__PROBLEM TO SOLVE__
Although the entries contain pictures, return everything else in them verbatim and omit the pictures.

__RECORDED DATA__
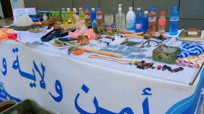 وقد أسفرت عملية التفتيش عن حجز مواد وأدوات تستعمل في أعمال السحر، من بينها صور لأشخاص، كتابات وطلاسم، وقدور وأقفال حديدية، وعقاقير وخلطات مجهولة على شكل أدوية، بالإضافة إلى أدوات أخرى تُستعمل في طقوس الشعوذة.
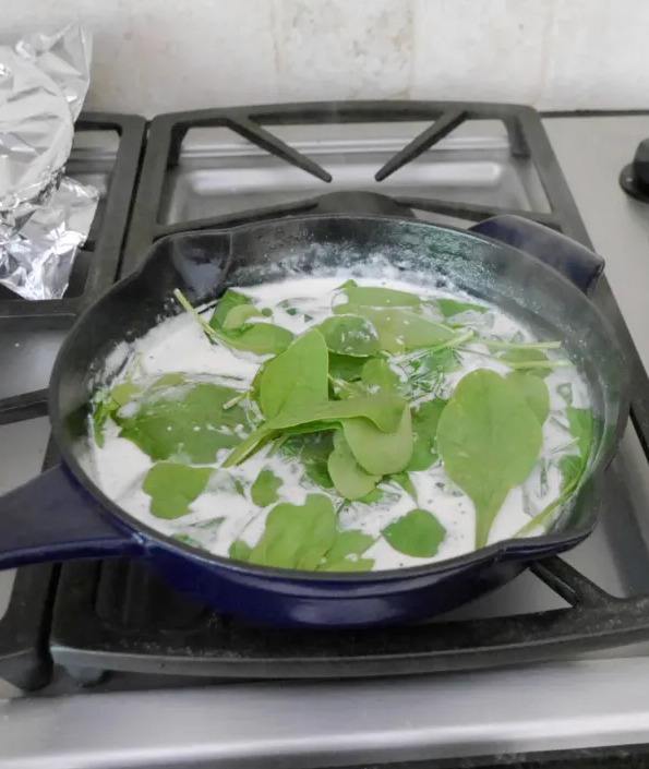 - Coloca las espinacas frescas en la salsa y cocina hasta que se marchiten (2-3 minutos).
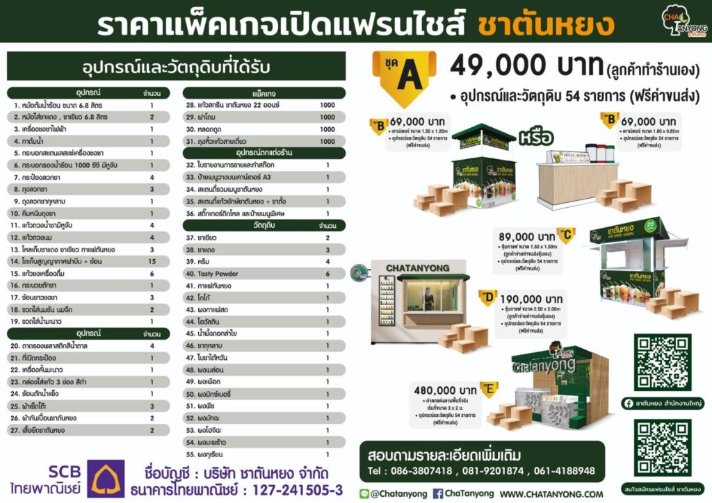 ชาตันหยง แฟรนไชส์เครื่องดื่ม ที่เป็นที่นิยมอยู่เสมอแม้ว่าจะมีแบรนด์เครื่องดื่มเพิ่มมากขึ้นก็ตาม ด้วยจุดเด่นความอร่อยที่เป็นเอกลักษณ์ ชาใต้แท้ ๆ กลิ่นหอม รสชาติกลมกล่อม จึงมัดใจลูกค้าได้อย่างไม่ยาก การันตีความสำเร็จมากกว่า 1,600 สาขาทั่วประเทศ จุดเด่นอยู่ที่วัตถุดิบที่นำมาใช้ในแต่ละแก้ว เป็นวัตถุดิบที่ดีจากแหล่งวัตถุดิบคุณภาพ มีเมนูหลากหลายทั้งร้อนเย็น ครอบคลุมความต้องการ มีบัตรสะสมแต้ม ซื้อครบกำหนดแถมฟรี 1 แก้ว
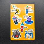 A 4" x 6" sticker sheet of a critters at a convention
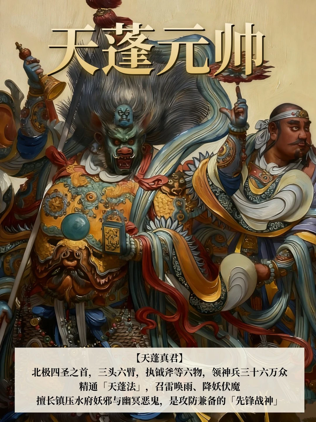 北极四圣之首,三头六臂,执钺斧等六物,领神兵三十六万众,精通「天蓬法」,召雷唤雨、降妖伏魔,擅长镇压水府妖邪与幽冥恶鬼,是攻防兼备的「先锋战神」。
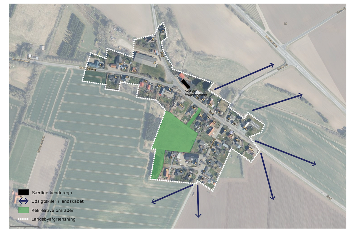 Der findes ikke tilstrækkeligt med byggemuligheder indenfor landsbyafgrænsningen fra 2012, hvorfor landsbyen udvides i beskedent omfang. - Udsigtskiler
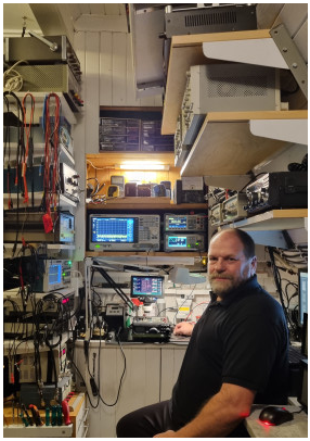 Hej på er, lite dålig fart på forumet så jag lägger in en bild på undertecknad i labbet tagen av min bättre hälft och på bänken med en FT-897 under operation. Byte av EEPROM-krets är förestående vilket är ett ganska vanligt fel på på den och 857:an.

__RESPONSE__
 وقد أسفرت عملية التفتيش عن حجز مواد وأدوات تستعمل في أعمال السحر، من بينها صور لأشخاص، كتابات وطلاسم، وقدور وأقفال حديدية، وعقاقير وخلطات مجهولة على شكل أدوية، بالإضافة إلى أدوات أخرى تُستعمل في طقوس الشعوذة.
 - Coloca las espinacas frescas en la salsa y cocina hasta que se marchiten (2-3 minutos).
 ชาตันหยง แฟรนไชส์เครื่องดื่ม ที่เป็นที่นิยมอยู่เสมอแม้ว่าจะมีแบรนด์เครื่องดื่มเพิ่มมากขึ้นก็ตาม ด้วยจุดเด่นความอร่อยที่เป็นเอกลักษณ์ ชาใต้แท้ ๆ กลิ่นหอม รสชาติกลมกล่อม จึงมัดใจลูกค้าได้อย่างไม่ยาก การันตีความสำเร็จมากกว่า 1,600 สาขาทั่วประเทศ จุดเด่นอยู่ที่วัตถุดิบที่นำมาใช้ในแต่ละแก้ว เป็นวัตถุดิบที่ดีจากแหล่งวัตถุดิบคุณภาพ มีเมนูหลากหลายทั้งร้อนเย็น ครอบคลุมความต้องการ มีบัตรสะสมแต้ม ซื้อครบกำหนดแถมฟรี 1 แก้ว
 A 4" x 6" sticker sheet of a critters at a convention
 北极四圣之首,三头六臂,执钺斧等六物,领神兵三十六万众,精通「天蓬法」,召雷唤雨、降妖伏魔,擅长镇压水府妖邪与幽冥恶鬼,是攻防兼备的「先锋战神」。
 Der findes ikke tilstrækkeligt med byggemuligheder indenfor landsbyafgrænsningen fra 2012, hvorfor landsbyen udvides i beskedent omfang. - Udsigtskiler
 Hej på er, lite dålig fart på forumet så jag lägger in en bild på undertecknad i labbet tagen av min bättre hälft och på bänken med en FT-897 under operation. Byte av EEPROM-krets är förestående vilket är ett ganska vanligt fel på på den och 857:an.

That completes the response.